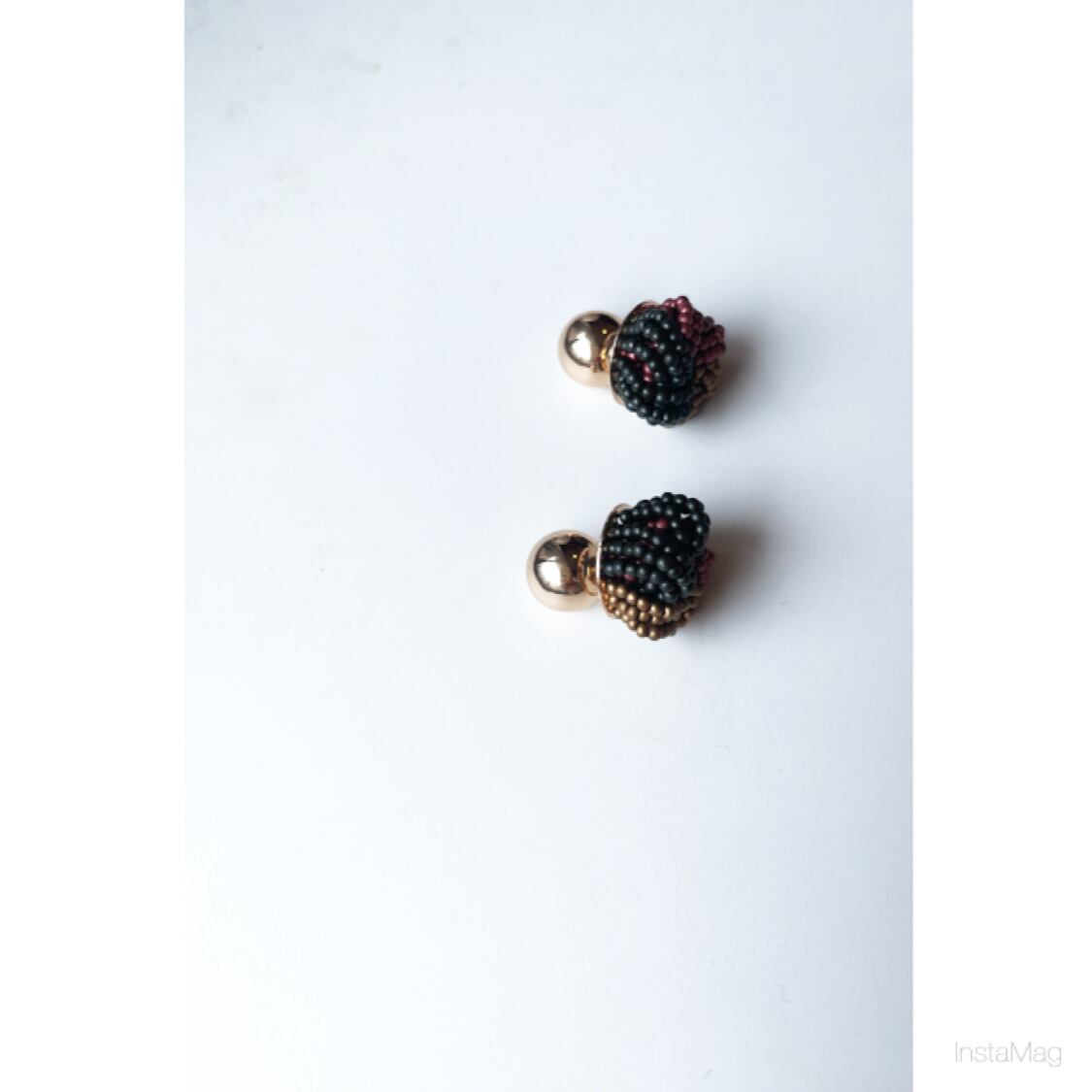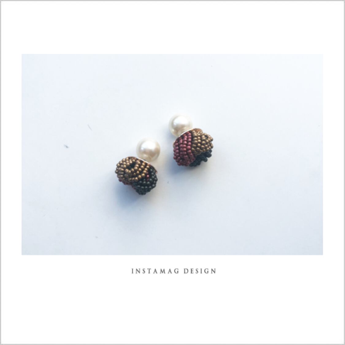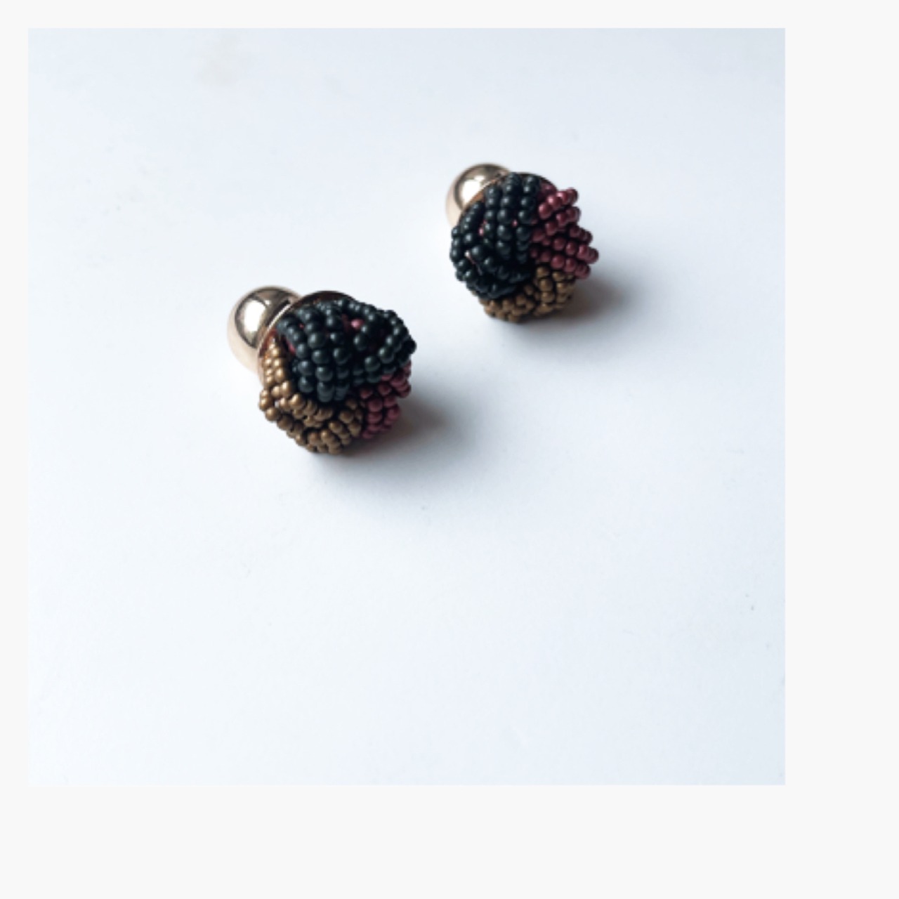 ゴールド、ボルドー、カーキブラウンの3色のビーズピアスにゴールドキャッチを合わせたお品!
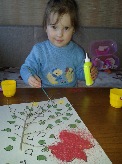 ветка приклеена к бумаге,поделка получилась яркой,интересной и что самое главное,практически полностью выполнена доченькой
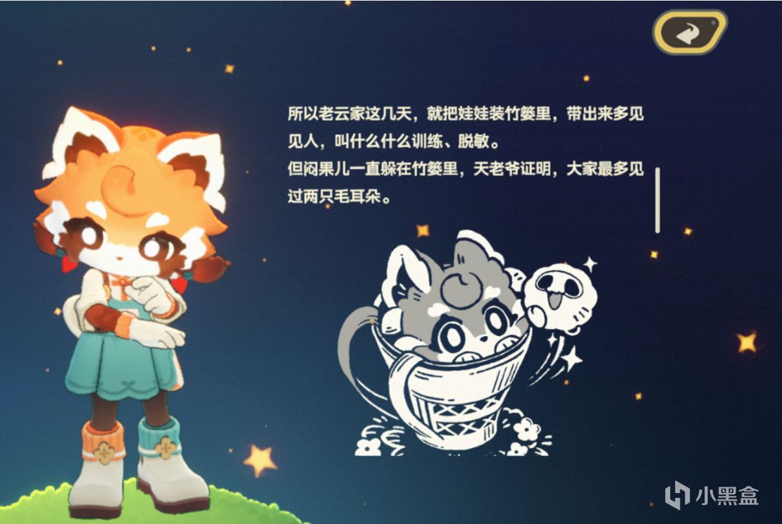 与云果达到一定亲密等级后,我们也会慢慢发现云果的成长经历。小时候的云果也和如今这样的害羞,而且还不会笑,直到有一次姥爷带着云果走丢,云果遇到了绿色阿奇宝,才第一次开怀大笑。
# # # # # # #
**Exercise**: Print every line above once more, exactly. Omit the pictures.

**Output of the exercise**:
 ゴールド、ボルドー、カーキブラウンの3色のビーズピアスにゴールドキャッチを合わせたお品!
 ветка приклеена к бумаге,поделка получилась яркой,интересной и что самое главное,практически полностью выполнена доченькой
 与云果达到一定亲密等级后,我们也会慢慢发现云果的成长经历。小时候的云果也和如今这样的害羞,而且还不会笑,直到有一次姥爷带着云果走丢,云果遇到了绿色阿奇宝,才第一次开怀大笑。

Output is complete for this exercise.